Euan's X2 Syslog file (several boots with various boot options set)

Download all attachments as: .zip

Change History (54)

by euan, 12 years ago

Attachment: syslog.txt added

Euan's X2 Syslog file (several boots with various boot options set)

comment:1 by bonefish, 12 years ago

It would be nice to know where exactly the kernel hangs. If you can enter the kernel debugger (F12, PS/2 keyboard needed), please print a stack trace of the "main2" thread. You can look up it's ID in the listing produced by the command "threads" (probably 7) and pass it as argument to "sc".

comment:2 by euan, 12 years ago

Hi,

Unfortunately the debugger is initialised on what would be the next line, so isn't ready (or doesn't work).

When I first booted with the PS2 keyboard connected, it past the line at fault with no problem, next line reads: "kernel debugger extention "debugger/hangman/v1": loaded". However it then locked up on the line after "starting EHCI Host Controller", again, the debugger could not be invoked. Disconnecting the usb devices still results in same hang. Trying other combinations as we speak.

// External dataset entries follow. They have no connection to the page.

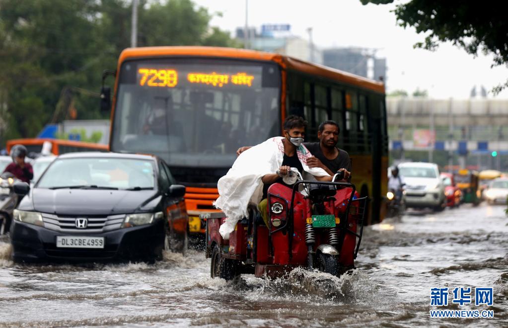 7月14日,車輛在印度新德里積水的街道上行進(jìn)。
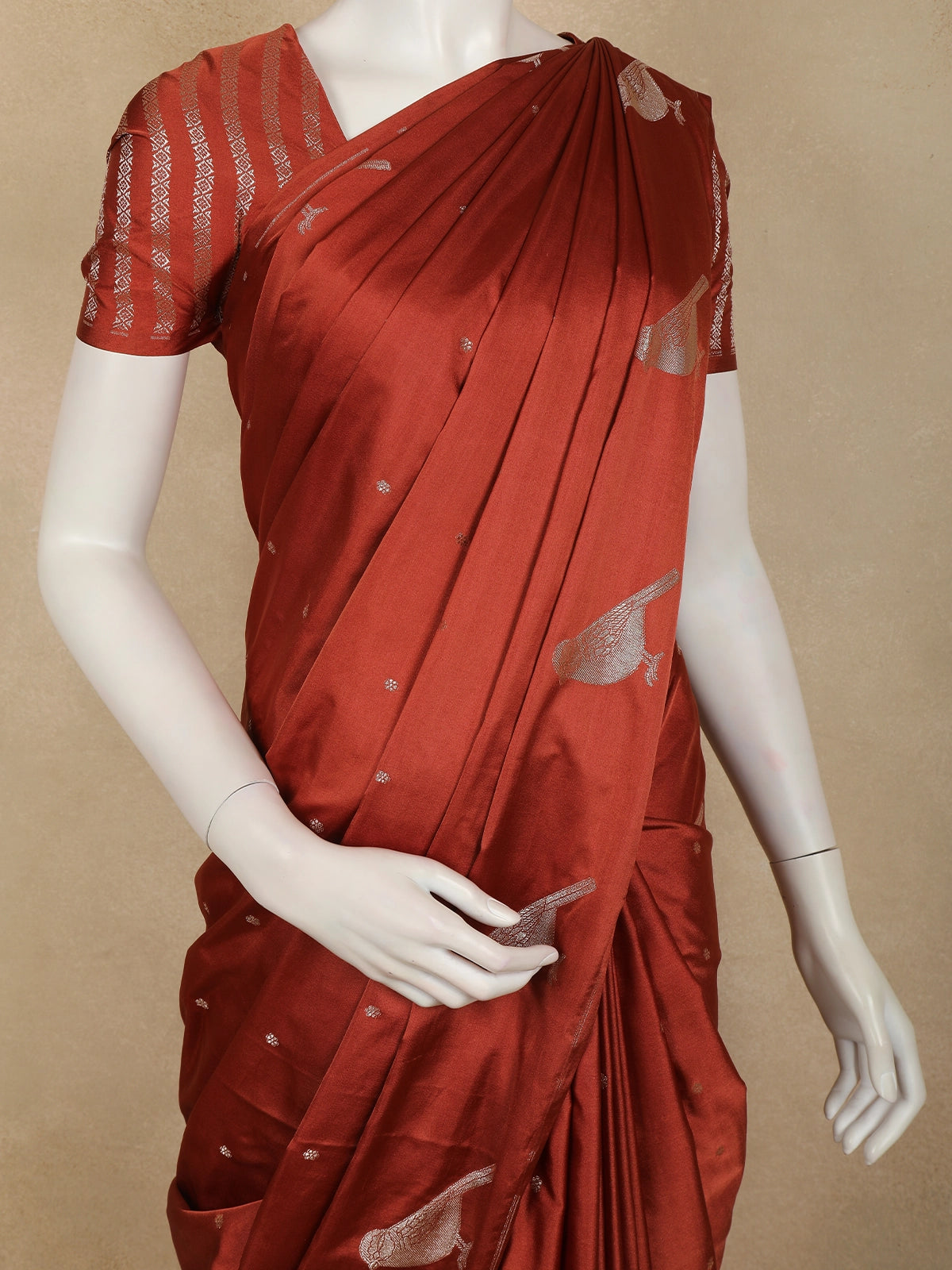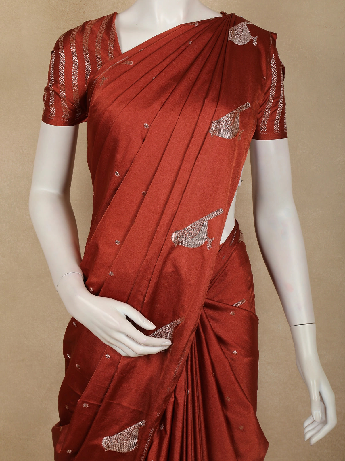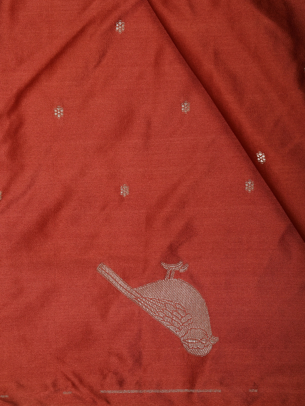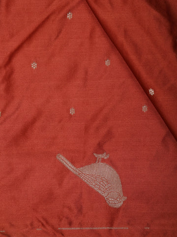 Rust Red Butta Zari Woven Design Pure Banarasi Silk Saree with Birds Motif Border
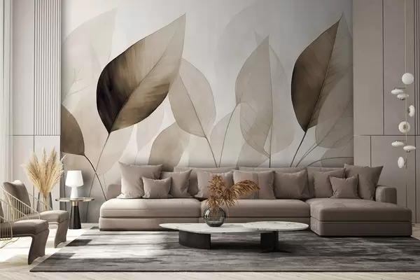 Fototapetai Tekstūruotas tapybos imitacija lapų atspalvių rudos ir smėlio spalvos su subtiliais gyslomis ir stiebais Nr. w09400v1
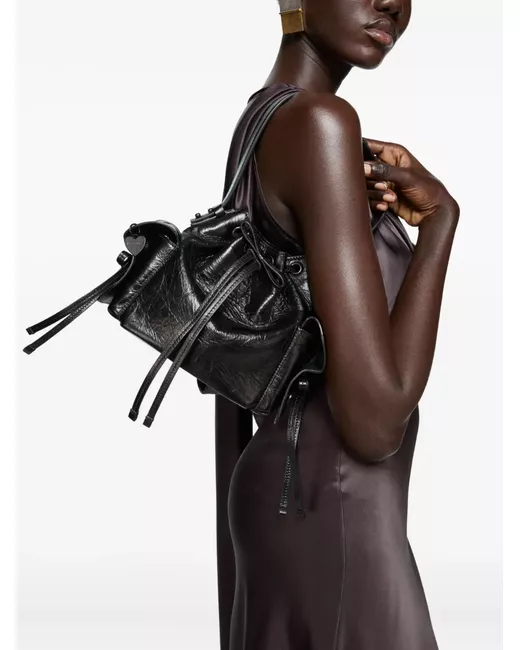 black calf leather drawstring closure ruffled detailing detachable shoulder strap heart-shaped logo tag
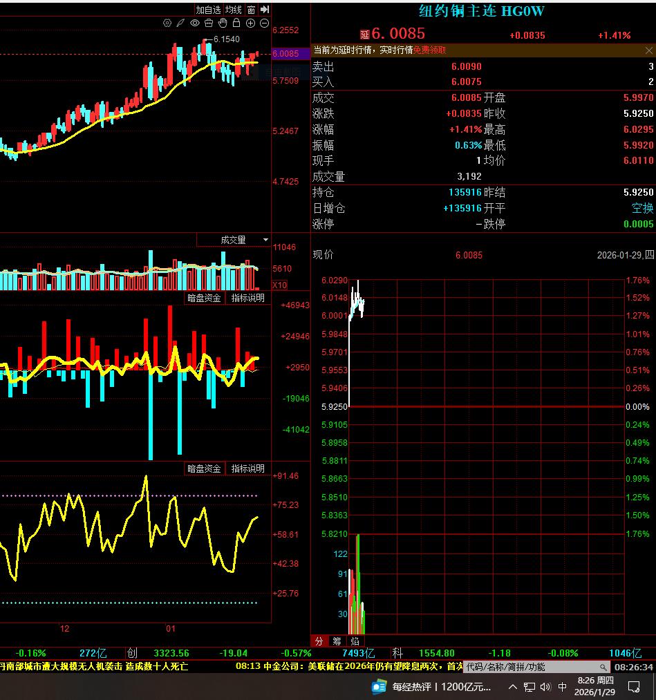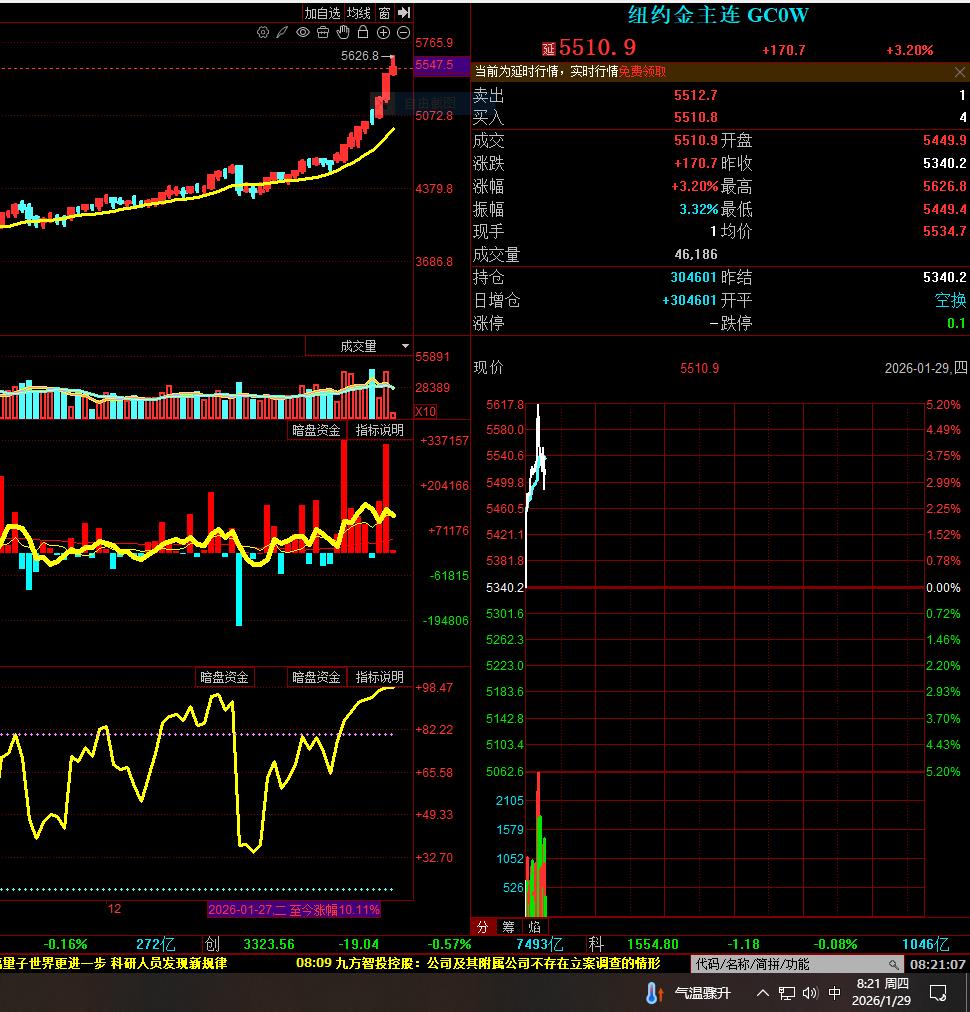 0129星期四 早盘再迎好消息 美黄金 银 铜 原油继续上升
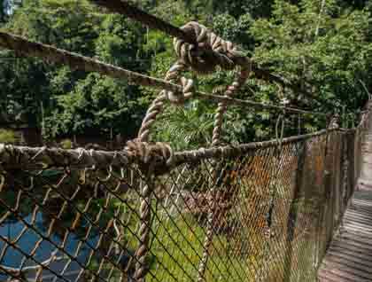 The trip to the bridge is in itself worth the walk as we learned about the various types of vegetation from our local guides. We learned what tree to remove sap from if we want to get rid of parasites; which vines make the best rope for securing a thatch roof on a home; and how to construct a blow gun if we find ourselves in need of a hunting implement. We were enchanted by the stories our guide told us of growing up in a small village in the forest. We reach the suspension bridge and the moment of truth. The bridge seems to have a rhythm all its own as each person steps onto the walkway high above the forest floor. Although we were surrounded by a net to ensure our safety, it was still a little unnerving not having the steady feel of Mother Earth beneath our feet. It did not take long however, and we were negotiating each segment of the bridge with more and more confidence.
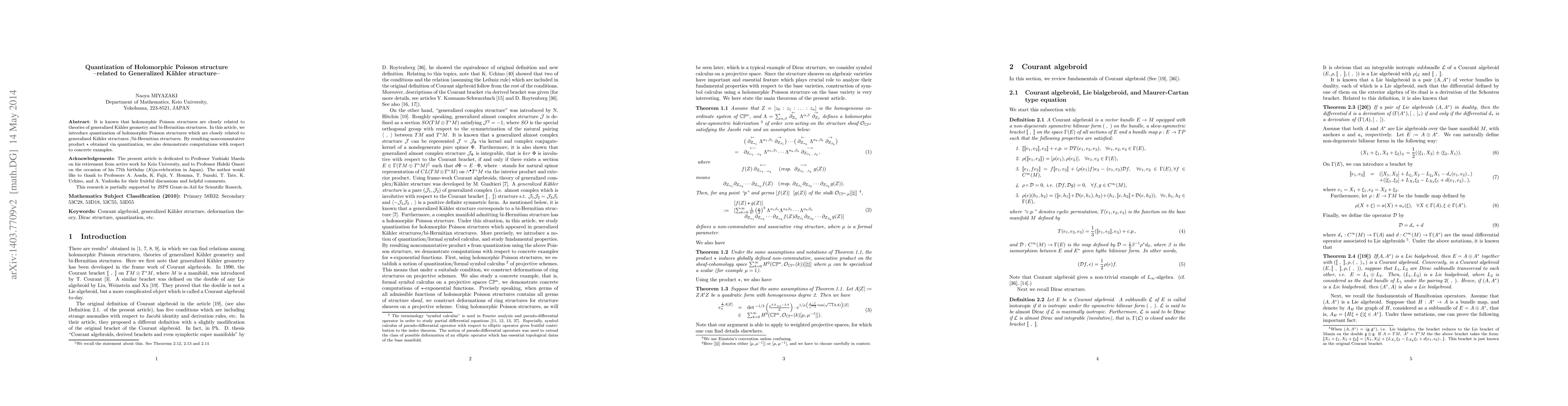 This paper introduces the quantization of holomorphic Poisson structures, linking them to generalized Kähler and bi-Hermitian structures. It demonstrates computations using the resulting noncommutative product $\star$ through specific examples.
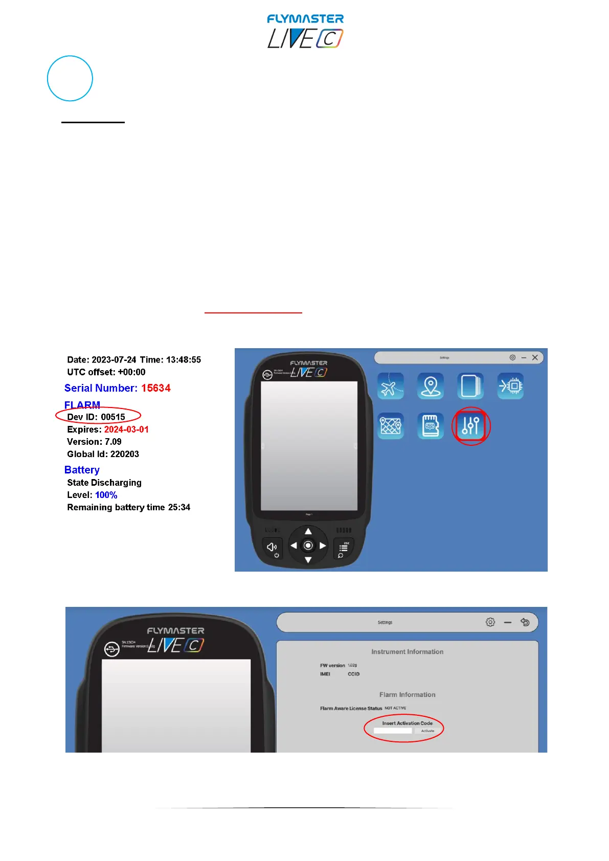 You must fill in the “Dev. ID” (Flarm Serial number, which can be seen on the instrument,
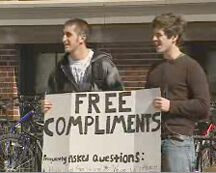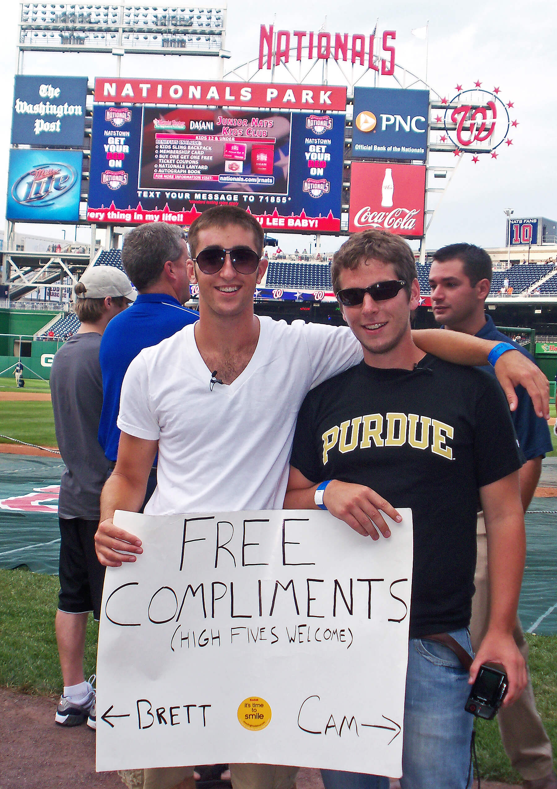 The Purdue "Compliment Guys" have appeared on "Good Morning America," "Fox & Friends" and "Today," and have been featured in newspapers that include The New York Times, Chicago Tribune and Los Angeles Times. The duo recently completed a Kodak-sponsored national tour that allowed them to deliver compliments from New Orleans to New York. This week's compliments session marks one year since the first Wednesday that Westcott, a civil engineering student from Plainfield, Ill., first ventured out to give compliments to strangers. "I just wanted to make my part of the world a slightly better place to live in," Westcott said. "I never imagined the impact this simple idea would have across the nation." Cameron Brown, a management student from Toledo, joins Westcott every Wednesday in front of Wetherill Laboratory of Chemistry. "It's never hard to think of a compliment; there is something good in everyone. It just takes a second to look," Brown said. "Giving compliments is the highlight of my week. It's been encouraging to see others begin to do the same." Writer: Jim Schenke, (765) 494-6262, jschenke@purdue.edu Sources: Brett Westcott, bwestcot@purdue.edu Cameron Brown, cebrown@purdue.edu

Perhaps we can move the debugger init earlier just to test?

comment:3 by euan, 12 years ago

Update: Disabling USB in the bios, allows the OS to boot.

in reply to:  2 comment:4 by bonefish, 12 years ago

Owner: changed from bonefish to mmlr

Replying to euan:

Unfortunately the debugger is initialised on what would be the next line, so isn't ready (or doesn't work).

[...]

Perhaps we can move the debugger init earlier just to test?

Not sure what you mean by that. The kernel debugger is fully initialized shortly after the VM. The output "allocate_commpage_entry(4, 34)..." originates from a call from cpu_init_post_modules() which rather late in the boot process. There are only a few more initializations before the kernel is fully initialized and the boot script is started.

Replying to euan:

Update: Disabling USB in the bios, allows the OS to boot.

That suggests it is USB related. Assigning to mmlr. Maybe he has an idea.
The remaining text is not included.